Like a hurricane itself, the storm response team at EPB erupts into flurries of activity each morning and evening as they dispatch hundreds of contractors from all over the Southeast.

photo EPB crews prepare to repair powerlines and restore power Tuesday on Tremont Street in north Chattanooga.

Warehouse workers load stacks of presorted supplies onto each outgoing truck, as mechanics go to work on vehicles coming in from the field.

It's down to a science at this point -- they can load a repair truck from another utility, which may have the wrong tools or no tools at all, every five minutes.

But as in a hurricane's eye, the bedlam is followed by relative tranquility until fresh teams arrive to take the place of tired crews later in the day, throwing EPB's campus back into pandemonium.

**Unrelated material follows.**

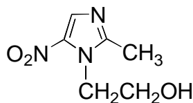
Figure 1. Metronidazole [1-(2-hydroxyethyl)-2-methyl-5-nitroimidazole].

screening of plants extracts from traditional preparations used in popular medicine. Numerous plants are used in the indigenous system of medicine of many countries for the treatment of dysentery. 5-11 They require more thorough investigation in order to validate their activity and that may uncover new leads for amoebicidal drugs.

Boring describes the activity as "a circus," though the effort is far more organized than it appears.

After all, Boring's team is the same one that handled the region's worst storm in recorded history, when a series of tornadoes in April tossed trees and tore down more than 1,000 utility poles, requiring more than 1,500 workers to repair the damage and millions of dollars to repair.

Though Lee's cleanup will probably catapult it into "the top 10 list" of worst storms to hit the area, with a cost estimated at between $2 million and $2.5 million, it's actually going rather well so far, Boring said.

"Doppler Don"

Though the physical repair effort slows down at night, the work doesn't stop until it's done.

Technicians in the main control room, which is dominated by a 600-square-foot mockup of EPB's electric system, flip switches throughout the wee hours, restoring electricity by rerouting power around broken lines.

They restored power to 10,000 residents Tuesday night, doing work that one day officials promise will be performed by automatic switches.

Don Nanney, who oversees this operation, sits just a few feet from a giant weather screen. He splits his attention between approaching clouds and status updates on the repairs. If there are dangerous winds in the region, he knows about it first.

"We all call him Doppler Don," jokes Boring.

Nanney, too, is working on little to no sleep. But a city depends on him to get the lines energized, to close the circuits.

Though 20-hour days are standard in times like this, it's a burden shared by officials across the pay spectrum, officials say.

Perhaps the toughest job of all belongs to the line crews who were called back home from Baltimore, where they were helping with the weeklong cleanup of Hurricane Irene.

Five crews traveled back to Chattanooga on Tuesday night, and were back at work Wednesday morning, Bailey said.

"We're a public utility, this is our job," she added. "We can't stop events like this from happening, but we can make the outages shorter.

Power should be restored to all remaining customers by Friday.